In November 2021, student activist Tony Chung Hon-lam was sentenced to 3 years and 7 months in prison, purely for peaceful protest, most of which took place before the National Security Law came into effect. Later the same month, activist Ma Chun-man (Captain America 2.0) was sentenced to nearly six years behind bars for chanting slogans and for statements he had given to the media.
Hong Kong has also re-introduced the colonial era crime of sedition (similar to Norwegian ‘oppvigleri’), legislation that the British colonial rulers did not apply in any case in the last 25 years of their rule. In April this year pro-democracy activist Tam Tak-chi (“Fast Beat”) was sentenced to 40 months in prison for “uttering seditious words”.
On 10 September five speech therapists were jailed for 19 months in Hong Kong. They had previously been denied bail, and had spent 13 months in detention pre-trial. The sentence was handed down based on sedition charges. Their crime was publishing illustrated children’s books about a flock of sheep threatened by wolves.
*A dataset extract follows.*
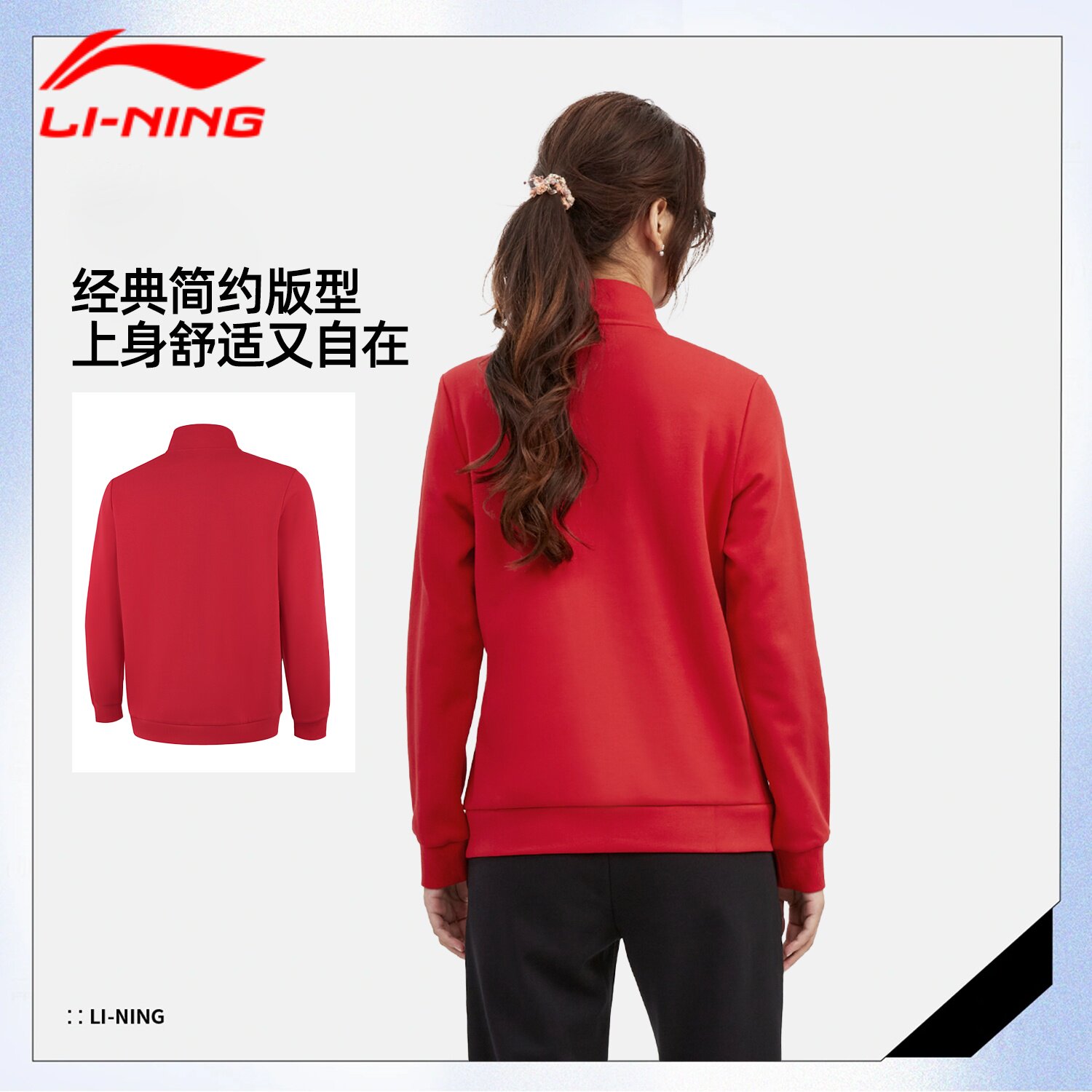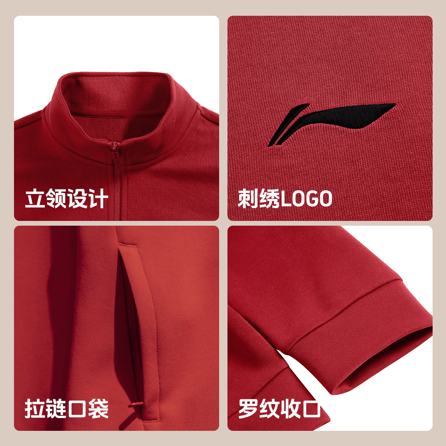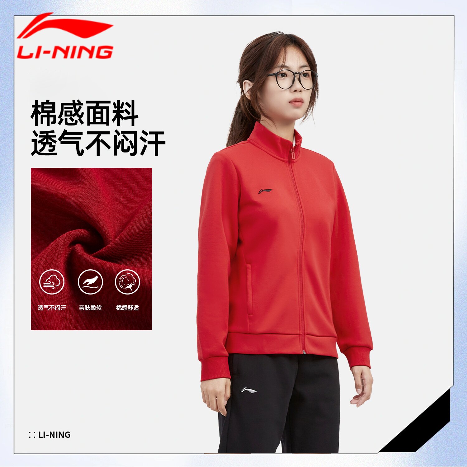 李宁开衫外套女款卫衣2026马年春季新款宽松中国红立领女士运动服

The stories hit too close to home for the frail dictatorship’s loyal subordinates in Hong Kong.
These examples illustrate well the total change that freedom of speech has undergone in Hong Kong. Beijing has transgressed to imitate the rule of the colonial power that predates the 1997 transition by decades.
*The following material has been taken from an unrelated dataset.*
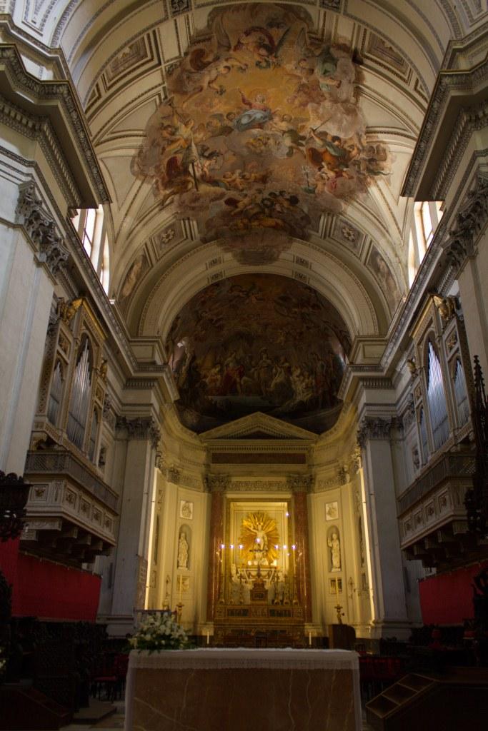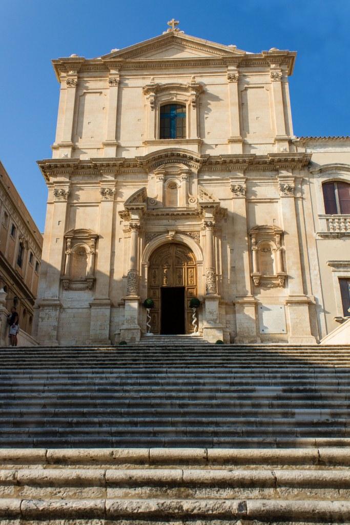 Siracusa has an imposing modern cathedral dominating the skyline. It is unfortunately less impressive on the inside though it does bizarrely have a collection of prostheses. There were some nice flowers growing around town too. There are some catacombs I did not visit, though I did take a picture of the church at their entrance.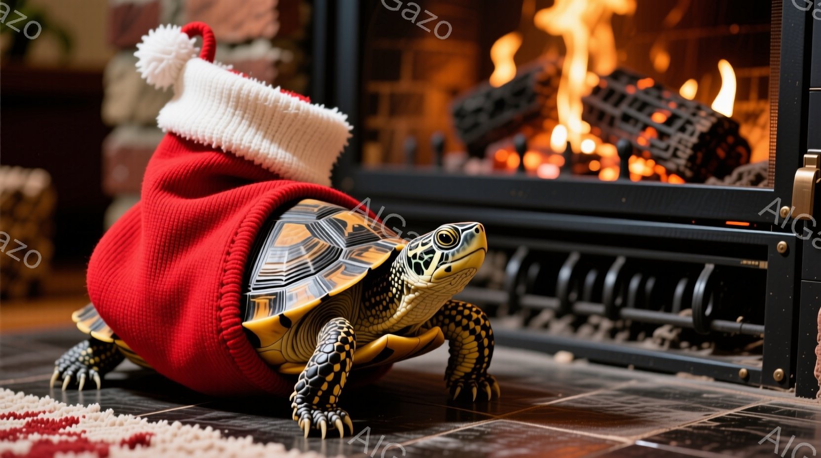 カメがクリスマスツリーの前で、頭に赤いサンタ帽をかぶって正面を見つめています。ツリーは緑の葉と金色のオーナメントで飾られ、背景にはぼやけた光が散りばめられています。雪が散りばめられた地面と、カメの鋭い視線が、冬の暖かい雰囲気を醸し出しています。

Hong Kong has a GDP per capita similar to Germany’s. About one in four Hongkongers have a university degree. Hong Kong has taught the world that freedom of speech cannot be taken for granted even in a prosperous society with a highly educated population, and with a large majority supporting basic human rights. The ruthlessness of a dictatorship which is completely addicted to holding on to power must never be underestimated.